Information supplied below:
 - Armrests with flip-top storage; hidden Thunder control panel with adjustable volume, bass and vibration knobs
End of Information supplied.
Information supplied below:
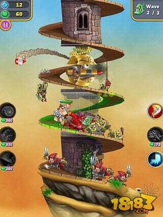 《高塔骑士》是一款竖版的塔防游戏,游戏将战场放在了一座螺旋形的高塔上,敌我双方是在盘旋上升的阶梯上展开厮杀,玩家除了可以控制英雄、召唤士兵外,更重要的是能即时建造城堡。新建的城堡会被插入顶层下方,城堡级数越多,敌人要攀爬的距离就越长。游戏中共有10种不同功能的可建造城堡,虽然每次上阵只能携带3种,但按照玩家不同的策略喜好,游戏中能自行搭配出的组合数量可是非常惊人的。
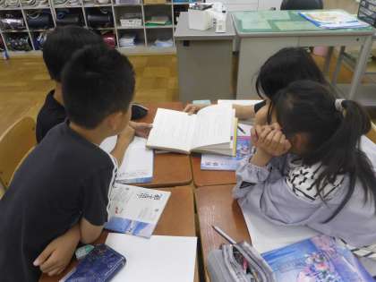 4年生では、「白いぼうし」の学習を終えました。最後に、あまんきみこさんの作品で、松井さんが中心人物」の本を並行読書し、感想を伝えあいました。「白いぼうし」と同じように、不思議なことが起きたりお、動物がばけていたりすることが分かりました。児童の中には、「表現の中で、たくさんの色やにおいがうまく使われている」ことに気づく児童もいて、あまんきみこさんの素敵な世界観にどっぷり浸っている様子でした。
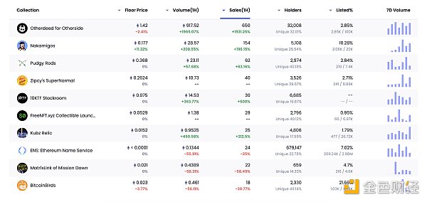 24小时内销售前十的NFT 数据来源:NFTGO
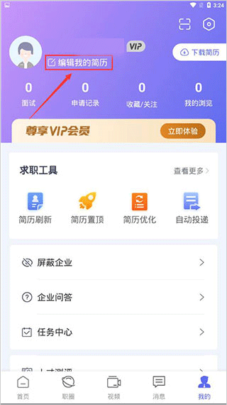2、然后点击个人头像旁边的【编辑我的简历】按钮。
End of Information supplied.
Information supplied below:
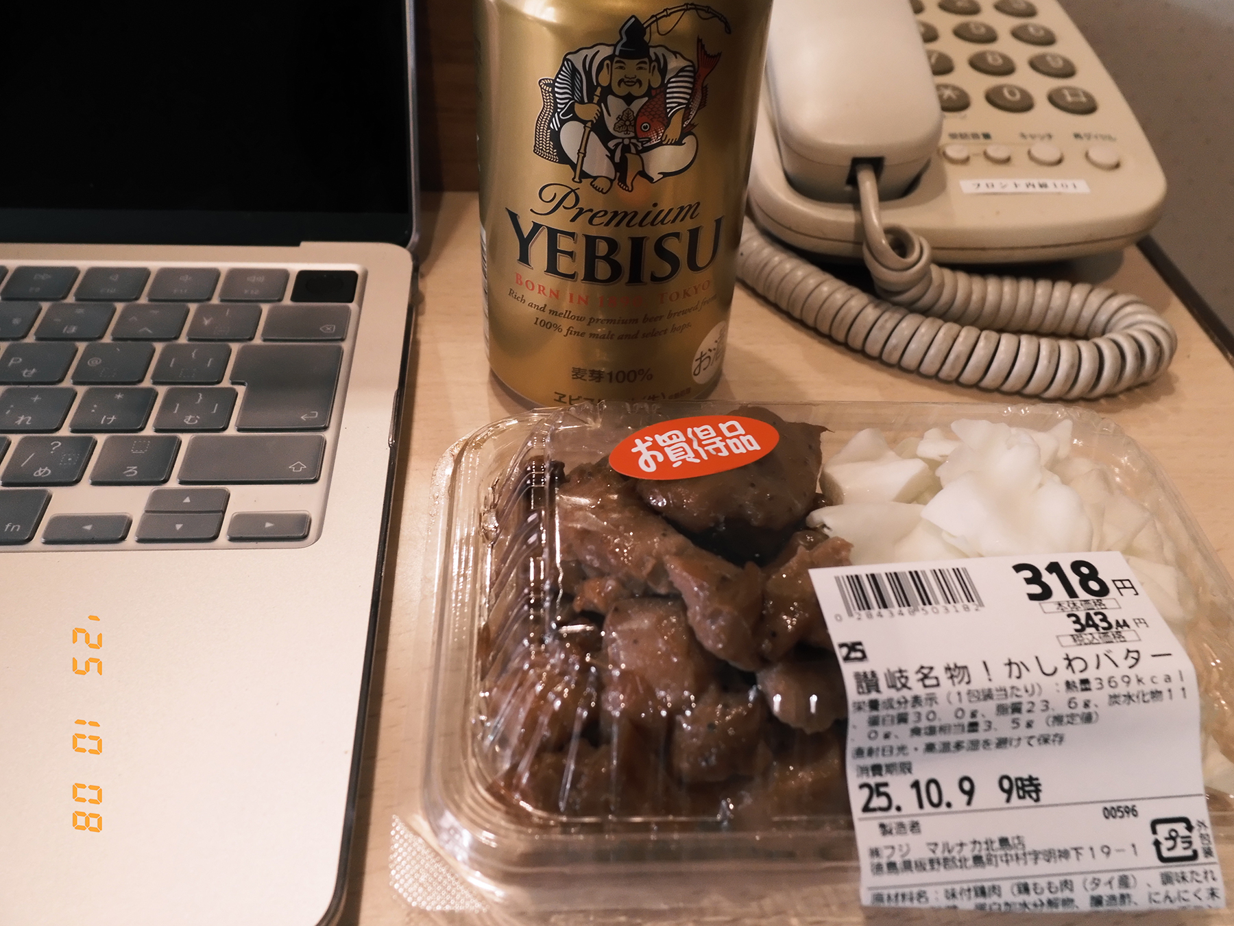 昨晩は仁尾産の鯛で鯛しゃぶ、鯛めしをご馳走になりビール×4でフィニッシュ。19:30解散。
End of Information supplied.
## What you will do
Return exactly the lines of the material above, starting at the line containing "24小时内销售前十的NFT 数据来源:NFTGO" and finishing at the line containing "2、然后点击个人头像旁边的【编辑我的简历】按钮。", without any pictures.

## Output
 24小时内销售前十的NFT 数据来源:NFTGO
2、然后点击个人头像旁边的【编辑我的简历】按钮。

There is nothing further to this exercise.